WIRE
Last night, Graham Lewis rather mischievously told me that Wire were planning to play their support slot for Toy as support bands should – loud and hard, a setting of dynamite underneath the derrieres of the young pups. Some what mischievously, I couldn’t resist telling Toy that this was Wire’s plan just after their soundcheck at the Lexington – pleasingly, the band members respond with wild grins and the assurance that "we want to be fucked with". Wire’s fuckery sees them roll out a sharp, seven song 30 minute set of some of their heaviest material, some of it taken from the utterly killer Send. That 2003 album, a Wire high water mark until brilliant new record Change Becomes Us is as caustic as they come, and three tracks from it are aired tonight. ‘Spent’ sees Colin Newman twisting faces, shrieking "Speeeennnnt" as Graham Lewis does his impersonation of a RSM you wouldn’t want to come up in front of at a disciplinary, Robert Grey, eyes shut still a machine behind the drums and Matt Simms (the only member not in black) conjuring all sorts of noise from behind is fringe. They steam through ‘Comet’ (a motivational anthem for the Quietus when we’re lacking vim)… "and the chorus goes b… b… b… BANG" and deliver edgy, fractious versions of ‘Drill’ (later to be taken into another dimension in a militant cosmic performance with Teeth Of The Sea at Cafe Oto), ‘Boiling Boy’, ‘Another The Letter’ and ‘Two People In A Room’. It’s not only a lesson in how to be a support band (make your point fast and loud and fuck off) but also how to mine and reconfigure your past to immediate, and thrilling effect. Under the cosh of these tracks, nostalgia takes a hiding. Luke T
TOY
Perhaps it’s because the sonic spectre of Wire is still hanging in the air, but TOY are a tighter force than ever tonight. Last year, fed through Heaven’s mammoth rig, Dominic O’Dair’s guitars hovered like a pulverising, stinging mist above the rest of the band, but now they get re-focussed in a mix that forefronts both Tom Dougall’s vocals and Alejandra Diez’s grinding keyboards. And this only seems to serve them better, with the songs taking on a new-found directness: ‘Motoring’ feels more detailed than it has done at previous shows, its motorik rhythm and keys more triumphant here, and the dynamic shift to ‘My Heart Skips A Beat’, with a gloriously grimey undertow from Dougall’s rhythmic guitar chop, is clearer.

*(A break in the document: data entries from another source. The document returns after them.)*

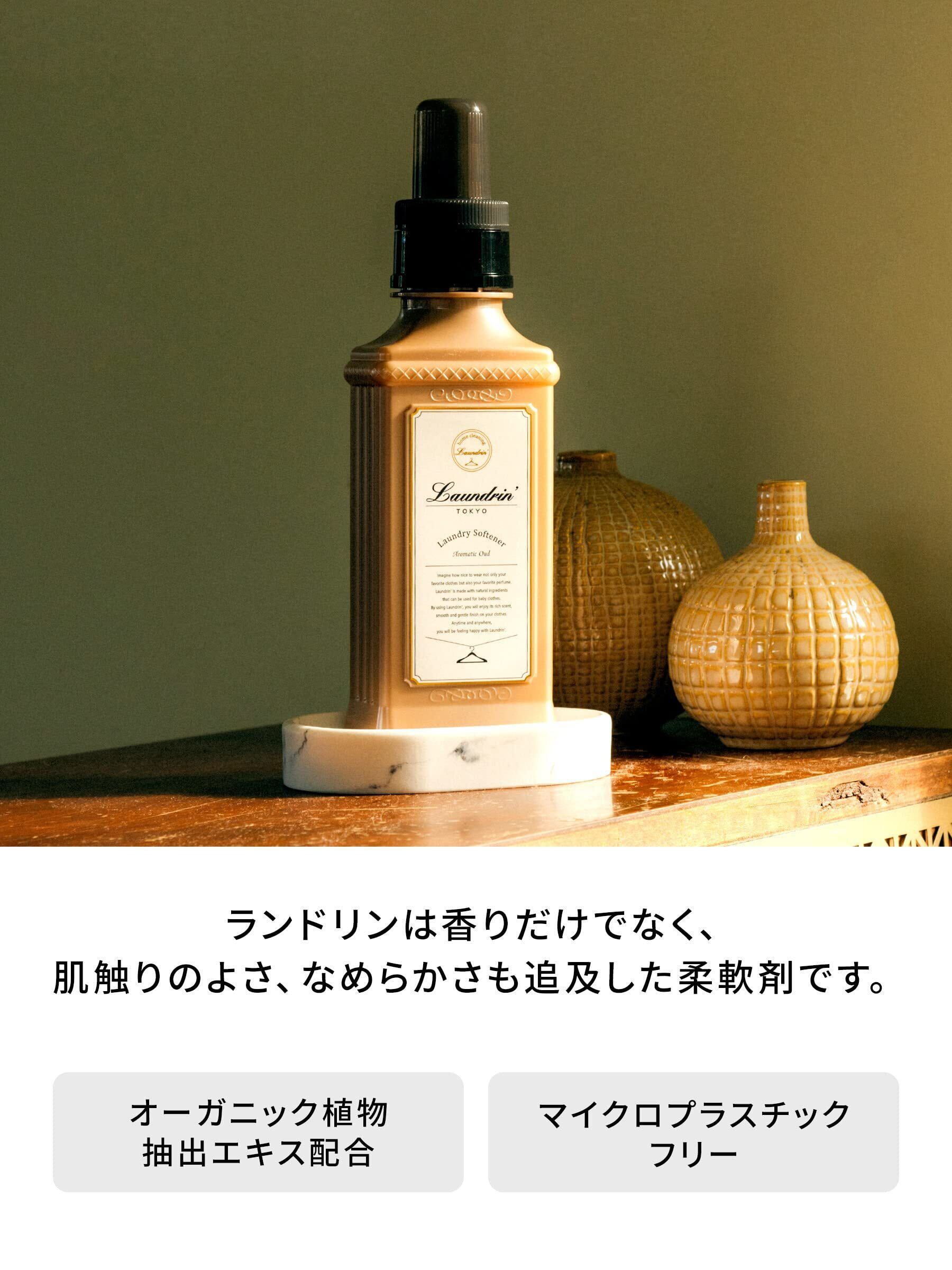 「洗濯物をふんわりと仕上げる、Laundrin'の柔軟剤が特大容量で登場!アロマティックウードの豊かな香りが魅力のこの柔軟剤は、3倍サイズの1440mlで、たっぷりご使用いただけます。お気に入りの衣服を心地よく包み込み、毎日の洗濯を特別な時間に変えてくれます!」
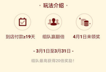 3月到店付款累积19天(每笔满2元)可获得瓜分资格。
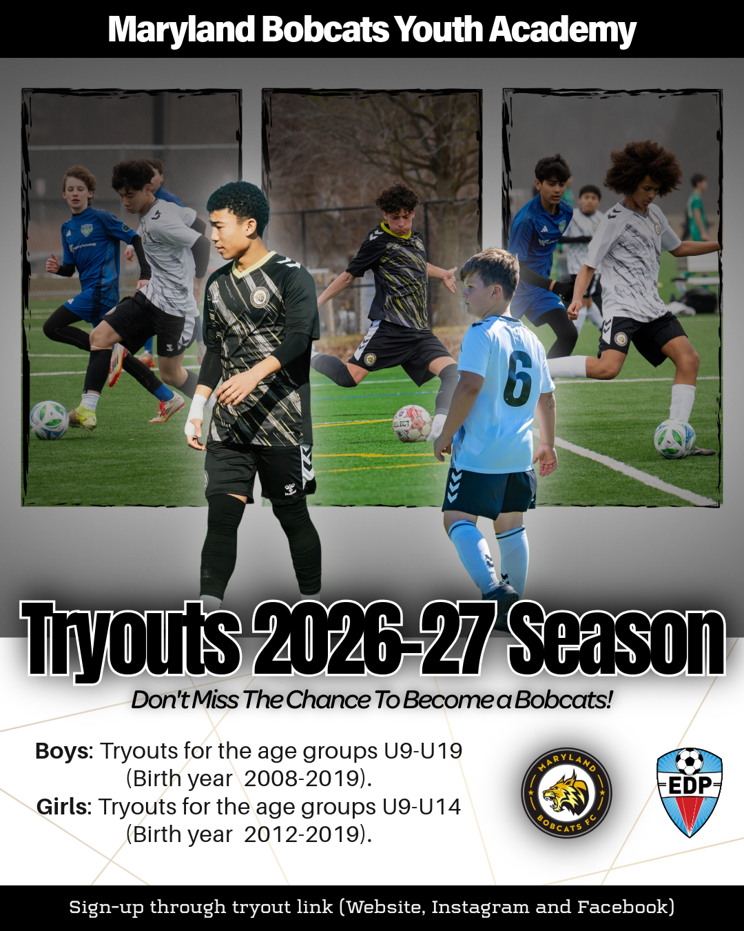 For all other tryout inquiries, please email us at info@marylandbobcatsfc.com and we will gladly discuss alternative ways to try out for one of our teams.
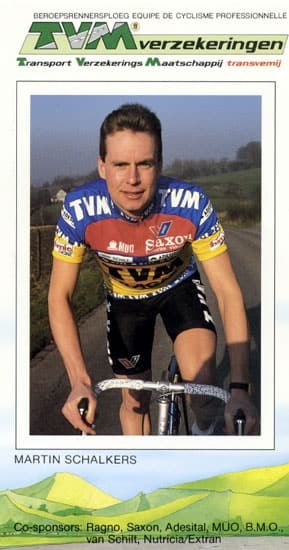 ‘De wát?’ Telkens als Martin Schalkers vertelt dat hij gedurende vijf jaren van zijn leven beroepsrenner is geweest, krijgt de geboren Katwijker precies dezelfde vragen voorgelegd. Of hij de Tour heeft gereden, is standaard de eerste. Een volmondig ‘ja’ kan Schalkers antwoorden. In 1990 rijdt hij namens TVM zijn enige Franse ronde. Aan de zijde van kopmannen Phil Anderson en Jesper Skibby haalt de Nederlander Parijs als 128ste.
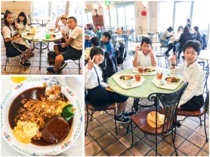 スクールメニューチケットを使って、お昼ごはんです。チケットをなくしてしまった子はいないよね? +50円でライスを大盛りにできるメニューもあるとか。うれしいシステムです!
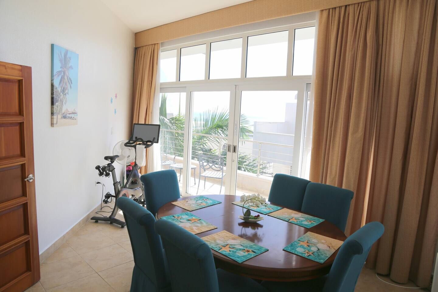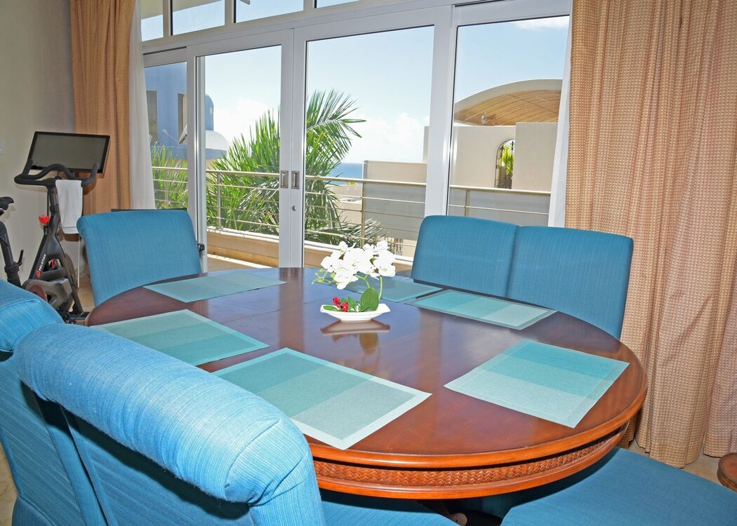 The dining area sits just behind the living room, perfectly positioned to enjoy meals together while looking out toward the ocean. Step onto the balcony and let the view do the rest — mornings feel slower, evenings softer, and every meal a little more special.

That’s not to say there isn’t noise: new song ‘Fall Out Of Love’ breaks off halfway through to shift to a droning 6/8 section, while first single ‘Left Myself Behind’ feels more muscular, as chorused voices channelling 60s pop melodrama shift to self-doubt, aided by waves of warped synth. All the time, the four fringe-draped heads at the front of the stage bob ever more furiously.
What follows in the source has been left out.